Mode	Rows	JSON valid	Species exact	Species overlap	Blank correct	Review correct
Non-thinking	40	0.725	0.364	0.364	0.889	1.000
Thinking	24	0.792	0.500	0.500	1.000	1.000

The metrics are useful for regression checks and export validation, not as a final scientific benchmark. Full metrics and predictions are included under metrics/.

Metrics Files

metrics/combined_gguf_officialmeta_status.json
metrics/combined_gguf_status.json
metrics/manual_lora_gguf_status.json
metrics/evaluation_ollama_manual_combined_q4_officialmeta_redo.json
metrics/predictions_ollama_manual_combined_q4_officialmeta_redo_direct.jsonl
metrics/predictions_ollama_manual_combined_q4_officialmeta_redo_thinking.jsonl

Prompting Pattern

Use strict, schema-first prompts:

You are Savanna Sentinel. Return only valid JSON.

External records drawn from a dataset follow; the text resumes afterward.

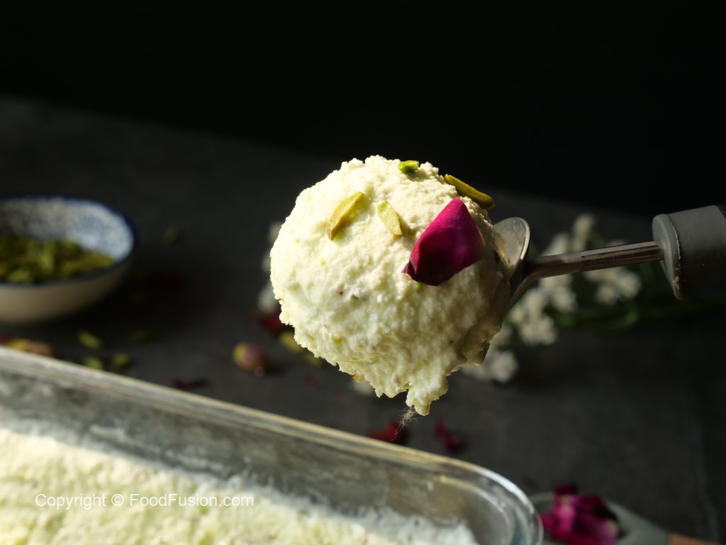 Once frozen completely,scoop out,decorate with pistachios & serve!
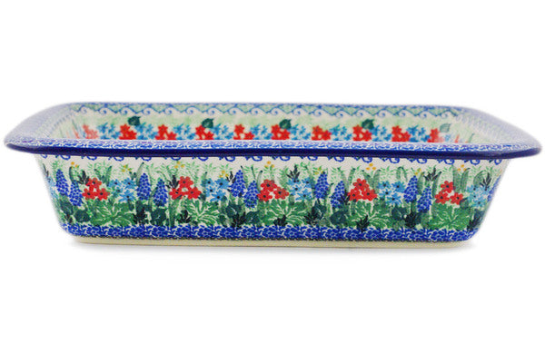 This Polish Pottery 14" Rectangular Baker - Mariposa is handmade and handpainted by the Ceramika Artystyczna factory in Boleslawiec, Poland.
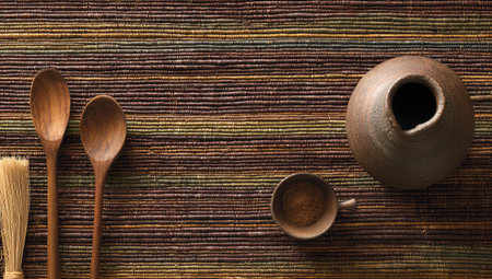 Overhead view of wooden spoons and a ceramic vase on a woven placemat with a striped pattern. The spoons and vase are positioned centrally on the mat, and there is a small, round bowl with spice or granules located between the vase and spoons.
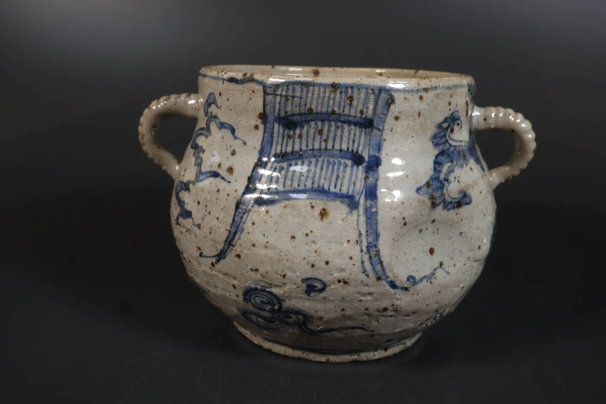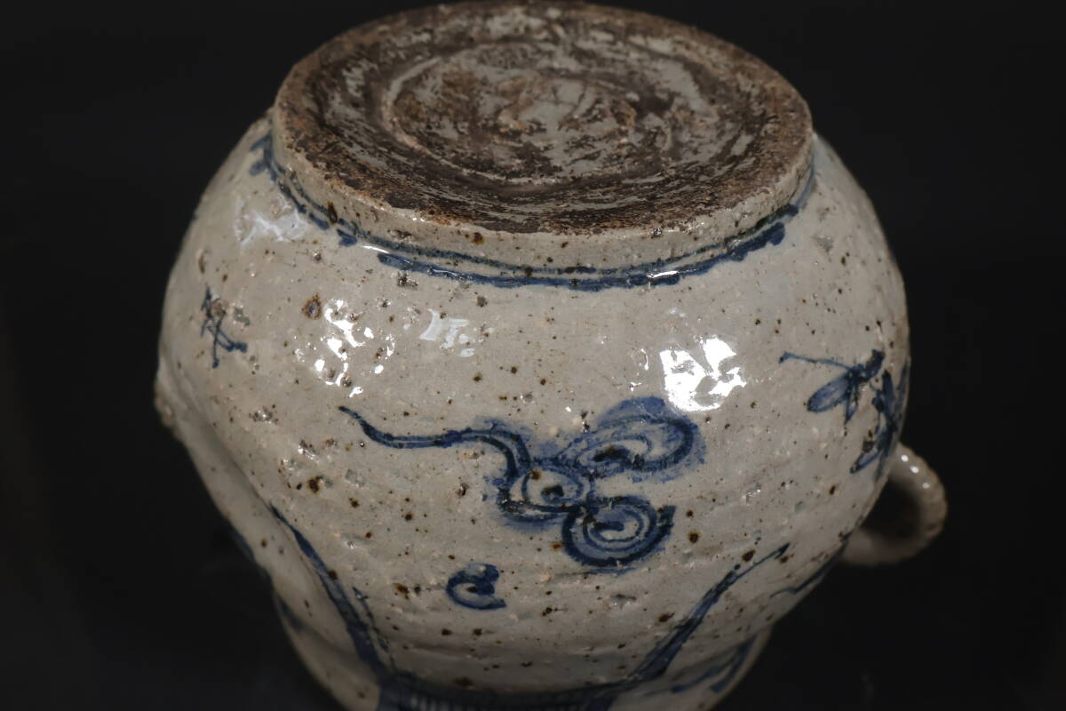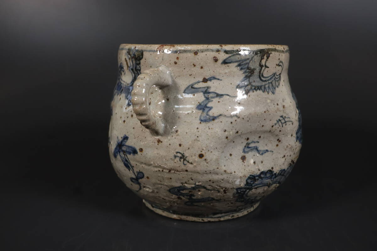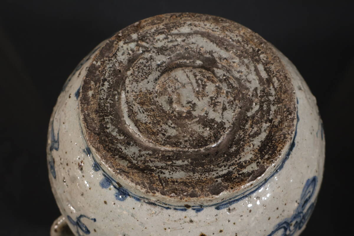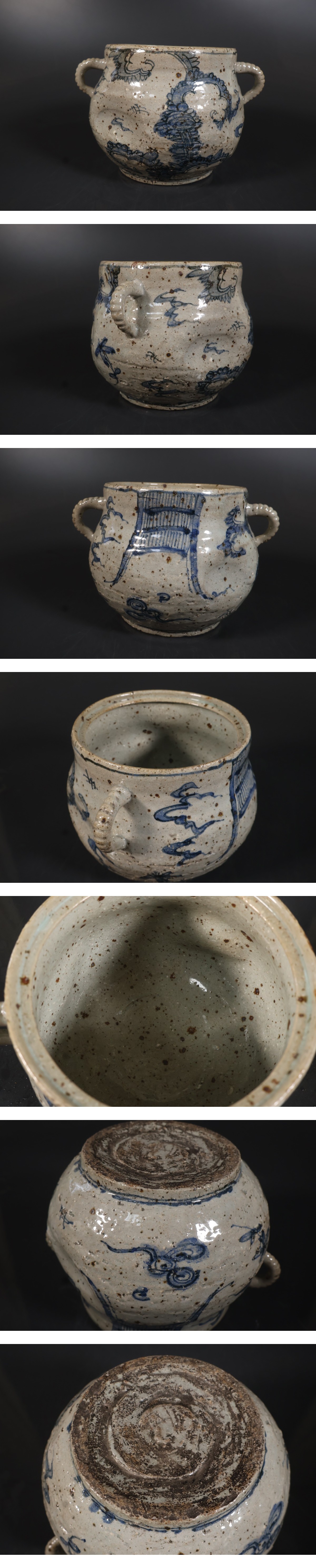 【和】(A3673) 時代古作 中野窯系 伊万里染付耳付壺

Classify this Serengeti camera-trap capture event. Use the image burst first, then the metadata. Return JSON matching savanna_sentinel_event_v1.

Example target shape:

{
  "schema_version": "savanna_sentinel_event_v1",
  "capture_event_id": "ASG...",
  "blank": false,
  "detections": [
    {
      "species": "zebra",
      "count_bin": "3",
      "behaviors": {
        "standing": false,
        "resting": false,
        "moving": true,
        "eating": false,
        "interacting": false
      },
      "young_present": false,
      "confidence": "high",
      "evidence": {
        "visual_basis": "Striped equids visible across the image burst.",
        "frames_used": [1, 2, 3]
      }
    }
  ],
  "review": {
    "review_needed": false,
    "reasons": []
  }
}

Limitations

The Q4_K_M export is smaller and faster than the merged HF model, but quantization can change behavior.
JSON validity is not guaranteed; callers should parse and validate outputs.
Tool/report tasks remain weaker than the core event/review tasks in the diagnostic evals.
Audio support from Gemma 4 E4B was not evaluated in this Savanna Sentinel export.
This model is specialized for Snapshot Serengeti-style camera-trap data and should be validated before use on other regions or camera systems.